A history that names human failings and offers illuminating possibilities, this book is essential reading for all who wish to better understand the conflicts in Afghanistan.
Former UN economist Dr. Graciana del Castillo (Rebuilding War-Torn Countries, 2008) returns with a study on Afghanistan designed for laymen. By placing modern Afghanistan in historical context, del Castillo’s timely and intricate book is able to explicate the various causes of its current imbalances, as well as provide a possible program for a brighter future.
Del Castillo’s project has a personal edge. The author visits and falls in love with Afghanistan just weeks before the 1978 coup d’etat that renders it a steady pawn in the fight against communism. Early pages have the feel of a travelogue, as she meditates upon the historical and social forces that shaped the once-peaceful agrarian nation. The love she describes feeling for the country and its people is palpable and moving.
The bulk of the work, though, is devoted to exploring what went wrong across decades of war, and what course corrections might be made as Afghanistan plans its future. Historical chapters are linear, sophisticated, and illuminating, drawing upon del Castillo’s economic expertise to reveal the long-term consequences of swift political actions. Concentration may be required for full appreciation of her involved fiscal explorations, but the effort is worthwhile.
Tracing Afghanistan’s descent into political chaos in the last half of the twentieth century, these chapters show that international involvement created deep-seated economic dependencies. Del Castillo’s comprehensive and detailed explorations of outside forces acting upon Afghanistan cover the decades in which the nation lived with civil wars financed on one side by the Soviet Union, with opposition forces receiving support from the United States. The book shows how the Taliban took root in a nation that once evaded hints of theocratic rule, and helps to better explain the international complicity in its rise to power.
So, too, are post-9/11 activities critiqued, primarily for their focus on overhauling Afghanistan’s political system rather than creating interim economies of peace and reconstruction. Del Castillo reveals that the international community, against the advice of experts, neglected to learn from past interventions, and details failed policies of “reconstruction.”

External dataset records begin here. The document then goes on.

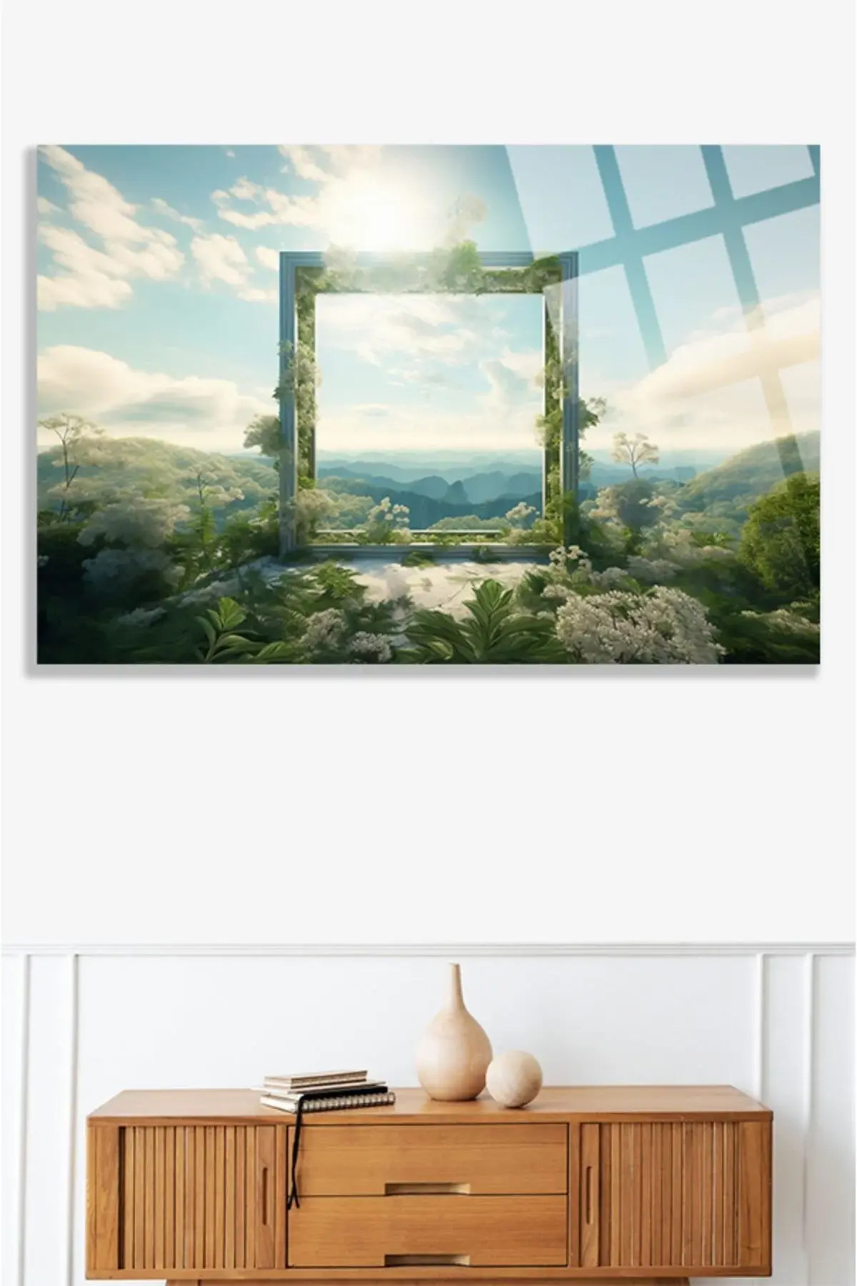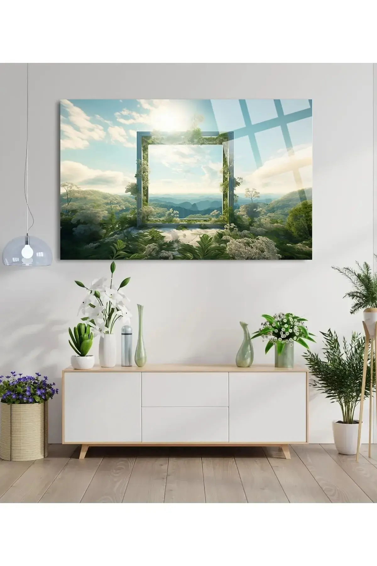 Orman Manzarası Canlı Renkli Cam Tablo, Ev Ve Ofis Hediyesi Yüksek Çözünürlüklü 4mm Lüks Tablo
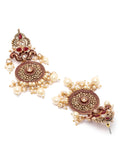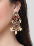 Karatcart Gold Plated Maroon Meena Kundan Dangler Earrings for Women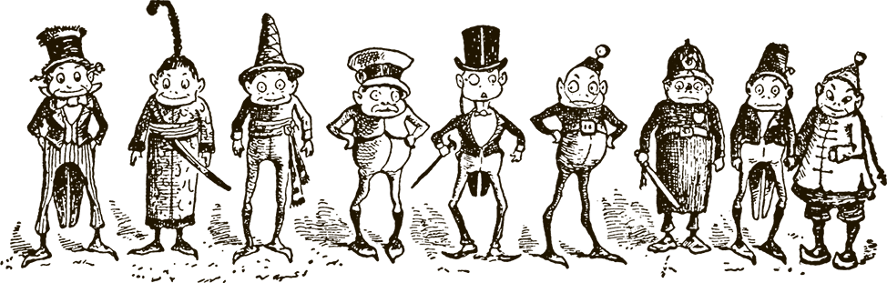 Собратья его хоть и любили, но не воспринимали всерьёз: был он ленив и болтлив да к тому же хвастун изрядный. Щеголял в длинном фраке, высокой чёрной шляпе, сапогах с узкими носками, поигрывая тросточкой и посверкивая моноклем, и очень собой гордился, в то время как окружающие над ним лишь посмеивались.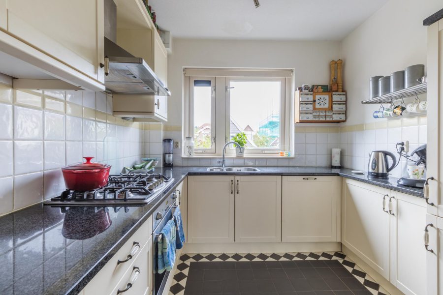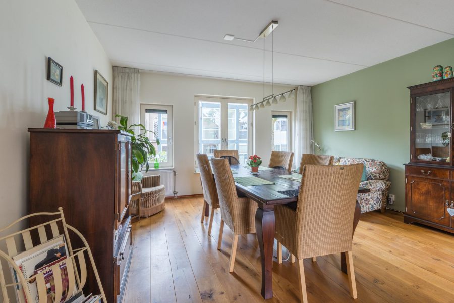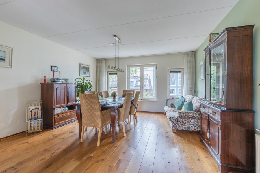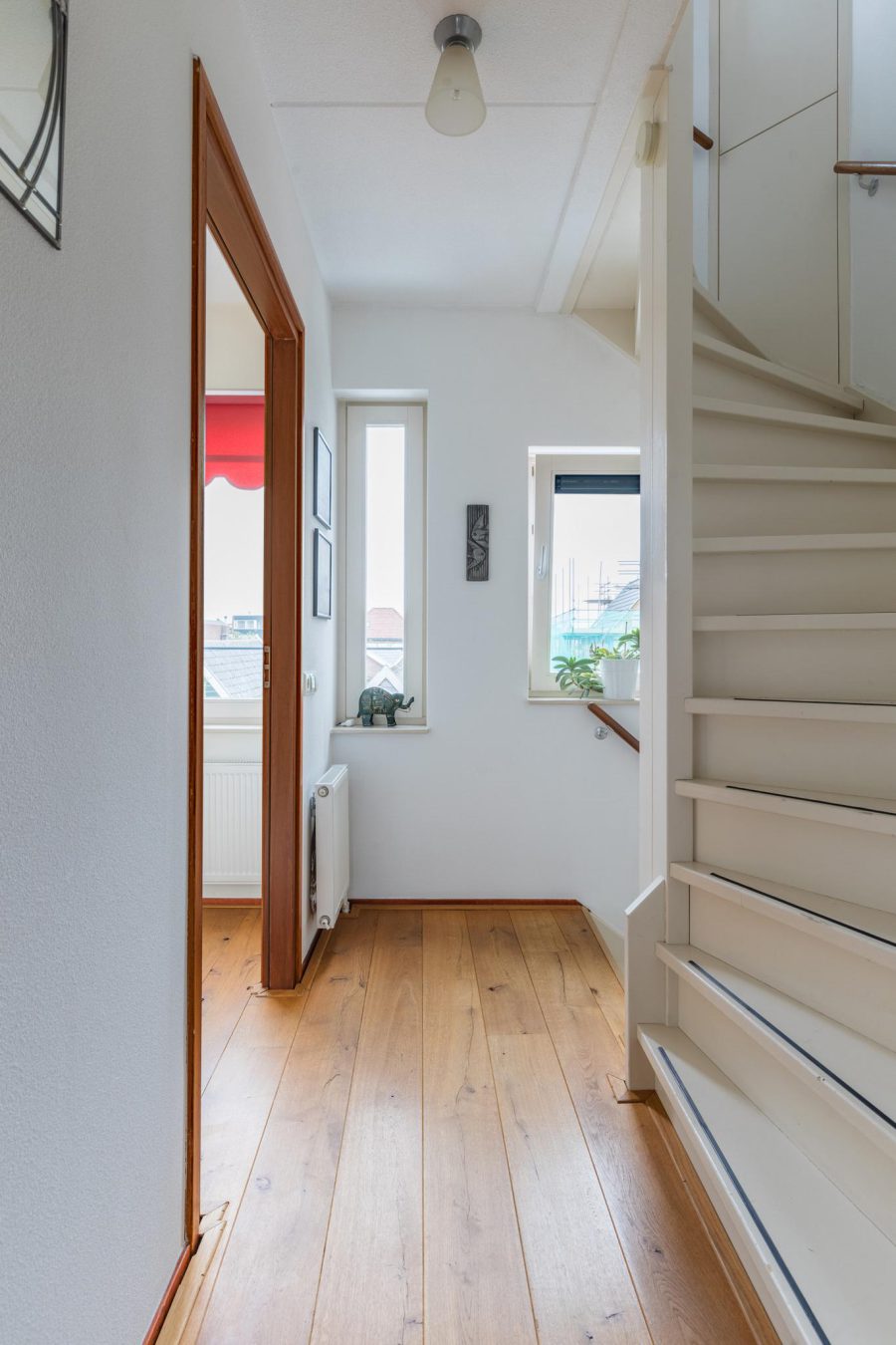 Via de trap bereik je de overloop. De overloop heeft een toegangsdeur naar een ruim dakterras waar je een fijne loungeplek kunt realiseren. Ook de toegangsdeur tot de lichte woonkamer met open keuken tref je hier aan. De woonkamer heeft aan de voorzijde drie raampartijen, aan de achterzijde is de U-vormige keuken gesitueerd. De keuken heeft crème witte fronten en is voorzien van diverse inbouwapparatuur. Vanuit de keuken heb je via een raam zicht op de tuin beneden. Op deze verdieping liggen mooie houten vloerdelen.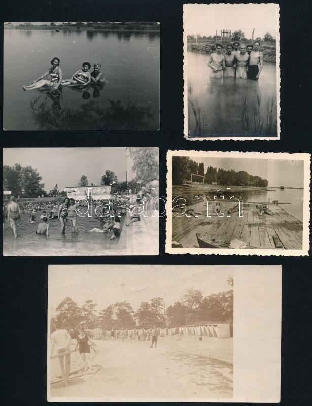 Beschreibung: cca 1930-1940 "Nekem a Balaton a Riviéra..." 5 db fürdőéletet ábrázoló fotó, egy részük hátulján feliratozva, különböző méretben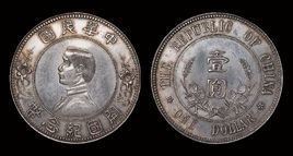 孙中山开国纪念银币,即中华民国孙像开国纪念币银元,正面中央为孙中山侧面肖像,边缘内上镌中文隶书体"中华民国"4字、下镌"开国纪念币"5字、左右长枝花饰。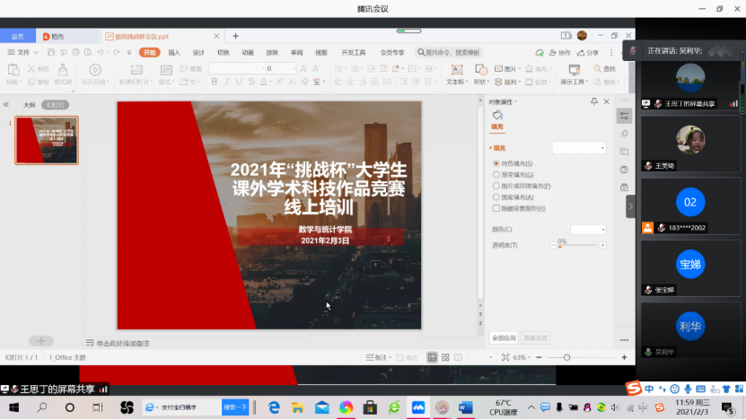 本网讯(通讯员 王美琦 谭雅铭)为进一步引导学生培养科学精神、科学态度,提高大学生的科学研究能力,增加学生和指导老师对“挑战杯”的认识与理解。2021年2月3日上午9:00-11:00数学与统计学院于腾讯会议成功进行“挑战杯”专题培训与讲解。校团委办公室主任张宝娣,太阳成集团tyc151cc副院长欧祖军,院党委副书记吴利华,指导老师和学生累计73人参与本次会议,本次会议由丁玉兰主持。

Returning to Afghanistan in 2011, the author once again shows the growing nation through her eyes. Gone are formerly bucolic scenes, despite pockets of agricultural renewal. Emergent are buildings designed to withstand blasts or abandoned for their impracticality. The contrast is stark. The images del Castillo shares are, in and of themselves, enough to persuade that foreign actors have failed to comprehend the nation’s needs.
With the dual authority of a scholar and an inner-circle observer, del Castillo adds needed dimension to understandings of Afghanistan, and of the implications that impending U.S. withdrawal will carry. She estimates costs in the trillions and predicts continued political turmoil. Her advised program for course correction—which begins with simply considering the nation’s specific needs before acting—is compelling, if impossible to implement without cooperation.
Readers interested in sustainable peace may find themselves wishing for the coordination she proposes. A history that recognizes human failings and offers reflective, illuminating alternative possibilities, this book is essential reading for all who wish to better understand the roots of, and ramifications following, the conflicts in Afghanistan.